DISCUSSION           

            Defendant seeks an order imposing terminating sanctions and for an order imposing monetary sanctions against Plaintiff and Plaintiff’s counsel of record due to Plaintiff’s failure to obey the Court’s order issued on January 18, 2024. Defendant contends Plaintiff has not served objection-free verified responses or paid the monetary sanctions as ordered. (See Forberg Decl., ¶ 4.) Defendant seeks an order striking Plaintiff’s complaint[1] and entering default judgment. 

            The Court finds there are some issues with Defendant’s motion. First, Defendant’s February 13, 2024 email to Plaintiff’s counsel states that Plaintiff had until February 15, 2024 to provide the verified objection-free discovery responses. (Forberg Decl., Ex. B.) Defendant nevertheless still filed the motion on February 15, 2024. (Id.) Defendant’s motion is therefore premature. Second, in the order issued on January 18, 2024, the Minute Order inaccurately gave Plaintiff and Plaintiff’s counsel 60 days to serve verified responses to discovery without objection. (Minute Order (1/18/24).) Thus, according to such Order, Plaintiff and Plaintiff’s counsel still had approximately 30 days to comply with that part of the Court’s order when Defendant filed this motion on February 15, 2024.[2] Third, Defendant also did not comply with the January 18, 2024 order. Defendant was ordered to give notice of the Court’s ruling, but no such notice has been filed with the Court. (See Order re: Tentative Ruling (1/18/24).) 

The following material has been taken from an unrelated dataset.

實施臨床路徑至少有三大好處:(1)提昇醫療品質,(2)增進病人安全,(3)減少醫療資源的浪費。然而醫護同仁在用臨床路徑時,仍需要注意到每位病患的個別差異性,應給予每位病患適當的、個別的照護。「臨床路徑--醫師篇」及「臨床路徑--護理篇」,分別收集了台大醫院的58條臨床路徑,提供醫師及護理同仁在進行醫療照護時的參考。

            However, the Court also notes that there were discrepancies between its minute order issued on January 18, 2024, versus its order that it issued on the same day. The minute order inadvertently mixed up the deadlines, providing that Plaintiff had 60 days to provide verified objection-free responses to Defendant’s written discovery and 20 days to pay monetary sanctions, instead of providing the correct deadlines of 20 days to provide the responses and 60 days to pay the monetary sanctions as set forth in the order re tentative ruling. (See Minute Order (1/18/24); Order re: Tentative Ruling (1/18/24).) The Court infers that Defendant relied on the order on the tentative ruling instead of the Court’s minute order in proceeding with this motion. (See Forberg Decl., Ex. A.) These discrepancies have since been corrected. 

            Further, the Court does not find that there has been a willful failure to serve the discovery responses. Defendant produced emails from Plaintiff’s counsel attempting to provide the discovery responses and indicating that the documents were too large to email. Plaintiff’s counsel also indicated that medical issues had prevented him from providing the discovery responses sooner. 

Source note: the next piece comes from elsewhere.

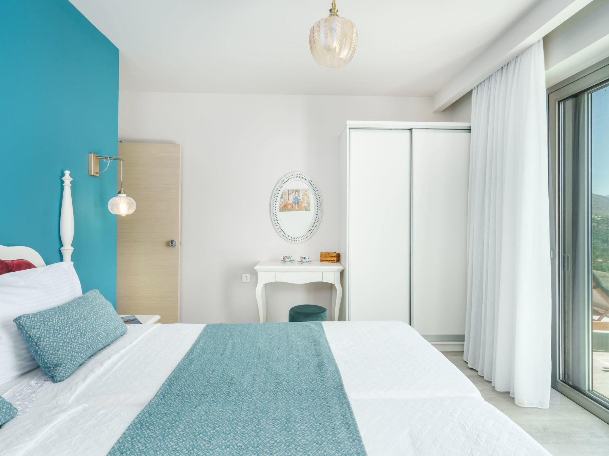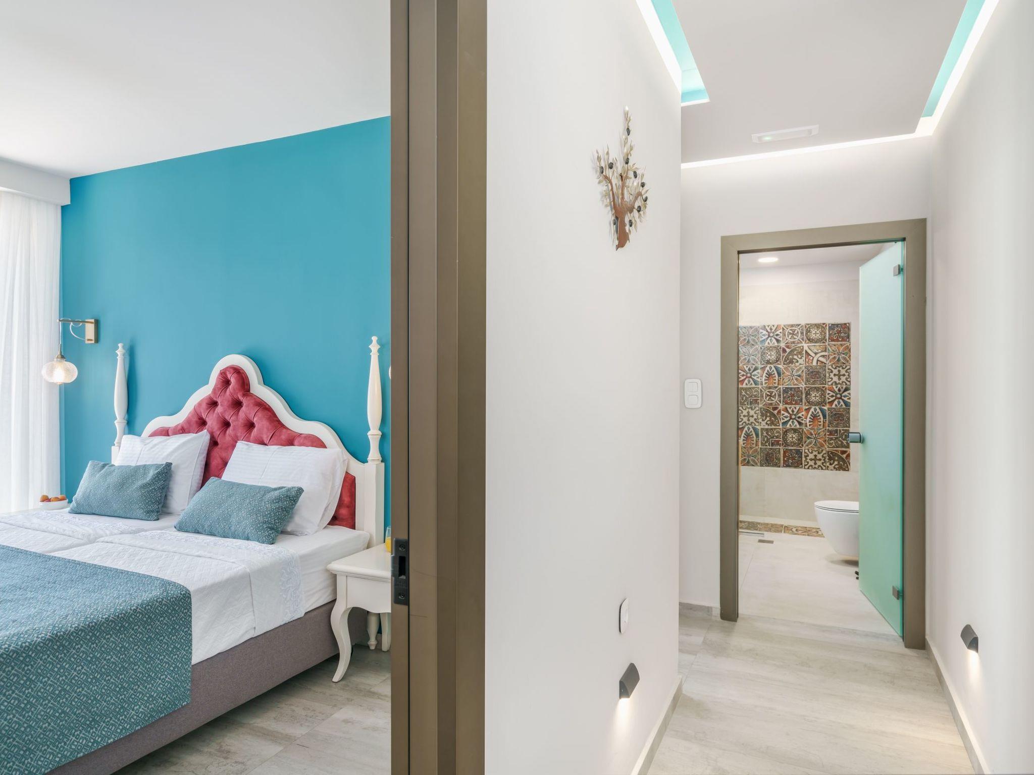Outside, Villa Venetsianiko boasts a private garden oasis with an inviting outdoor pool, built-in BBQ area for al fresco dining, and ample seating and dining spaces that create a seamless indoor-outdoor living experience. Pool towels and an outdoor shower add to the convenience and enjoyment of the Mediterranean island vibe.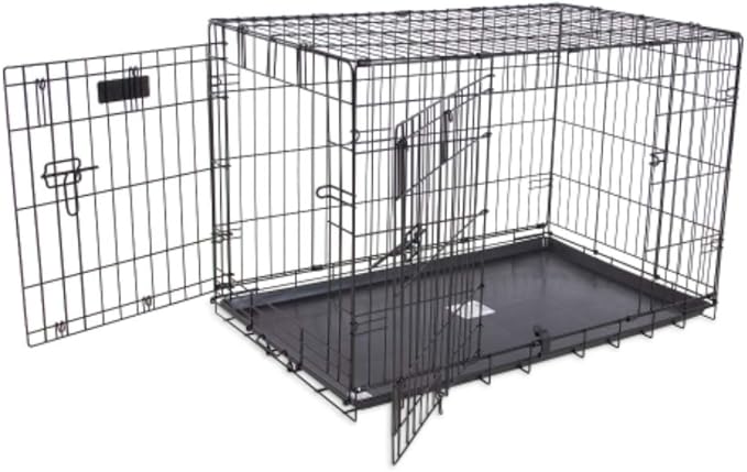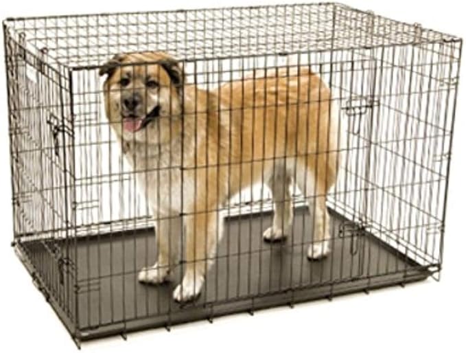 - Reliable, Standard Duty Wire Constuction: this dog crate for large dogs has a 5-point locking system that eliminates gaps & 2 doors for maximum security and access. Rust-resistant finish makes it suitable for occasional outdoor use

            Based on the foregoing, the Court DENIES without prejudice Defendant’s motion and request for monetary sanctions. 

CONCLUSION 

The Court DENIES without prejudice Defendant John Dieterich’s motion for terminating sanctions and request for monetary sanctions. 

             Defendant is ordered to give notice of the Court’s ruling within five calendar days of this order.

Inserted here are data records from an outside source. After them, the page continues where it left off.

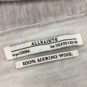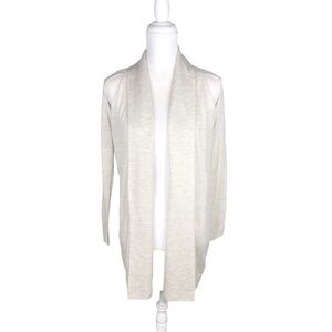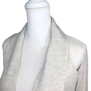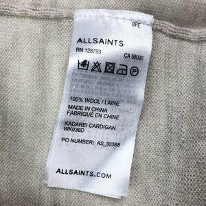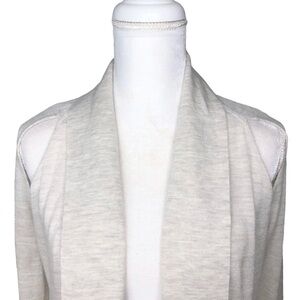 All Saints lightweight 100% heather creamy gray merino wool cardigan. Cut out shoulders, open front. Excellent used condition: no stains, holes, or pills.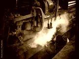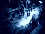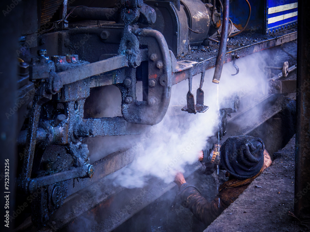 A railway mechanic working under a steam locomotive
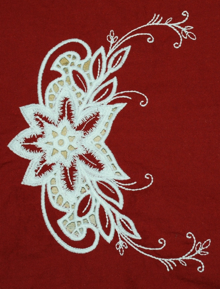 This set of machine embroidery designs is part of our Cutwork Lace Floral collection. It uses the Cutwork Lace technique. The designs is available for the Commercial hoop (8" x 12") and Mega hoop (6" x 10").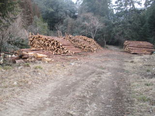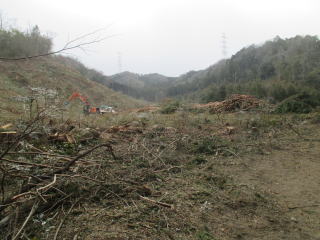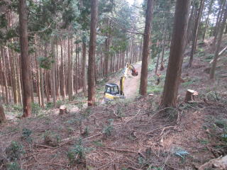 地図に無き林道現れて、無事三角点に着いたけど新林道に重機が入り間伐作業最中だった。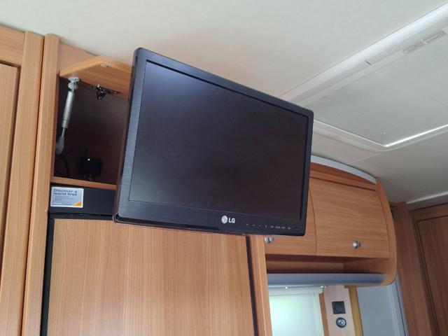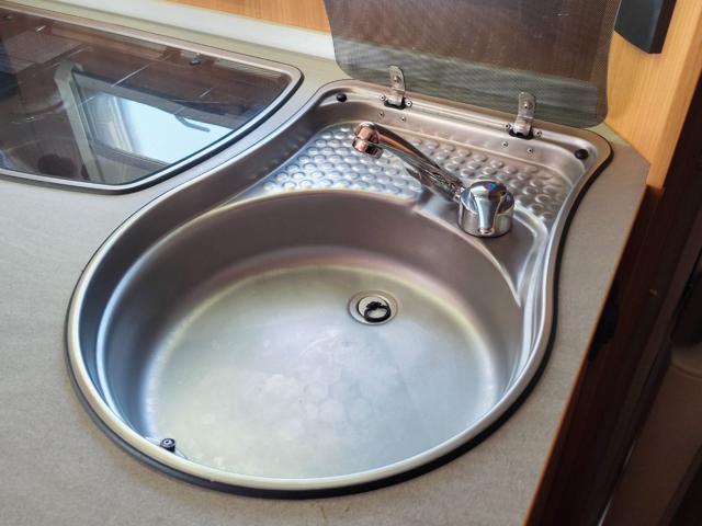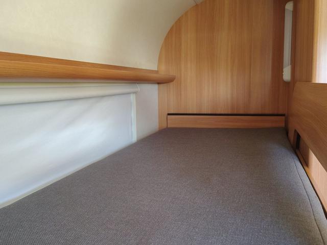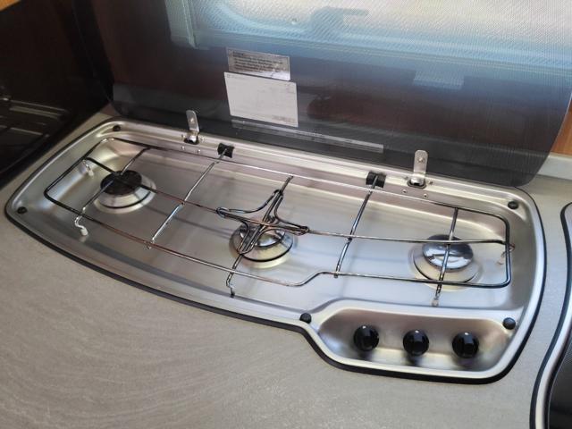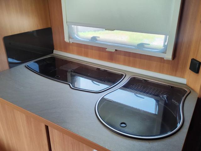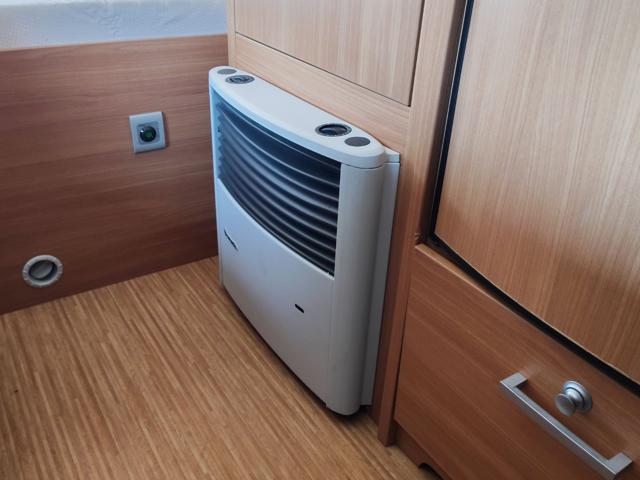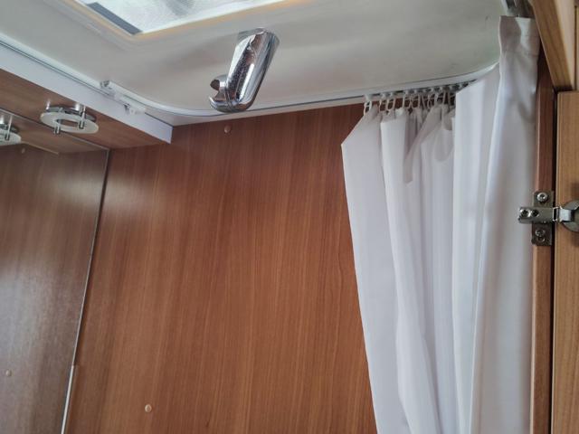 Struttura: Pareti in alluminio con finitura "buccia d'arancia" (hammer tone) e tetto con spessore di 31 mm per un isolamento ottimale, Telaio AL-KO Euro con assale a delta e stabilizzatore AKS di serie, progettato per ridurre il rischio di sbandamento, Arredamento in design con illuminazione a 12V e prese multiple a 230V., Serbatoio acqua chiara da 45 litri, stufa Truma S 3004 con termoventilazione e boiler elettrico Truma Therme per l'acqua calda.

[1] Defendant’s notice indicates that it seeks an order striking Plaintiff’s complaint, (Notice, pg. 2 of pdf, line 4), but the memorandum of points and authorities refers to an answer and cross-complaint, (Memorandum of Points and Authorities, pg. 6 of pdf, lines 9 and 21-22). Since the only operative pleading in this action is Plaintiff’s complaint, the Court assumes Defendant meant the complaint in the memorandum of points and authorities. The Court also notes that Defendant’s motion violates Rule 2.109 of the California Rules of Court, which provides that papers filed with the Court must be consecutively numbered. (Cal. Rules of Court, rule 2.109.) Plaintiff’s papers do not contain any page numbering. The Court admonishes Plaintiff to comply with the requirements of the California Rules of Court going forward. 

[2] Defendant did not notify the Court of the error in the 1/18/24 Minute Order.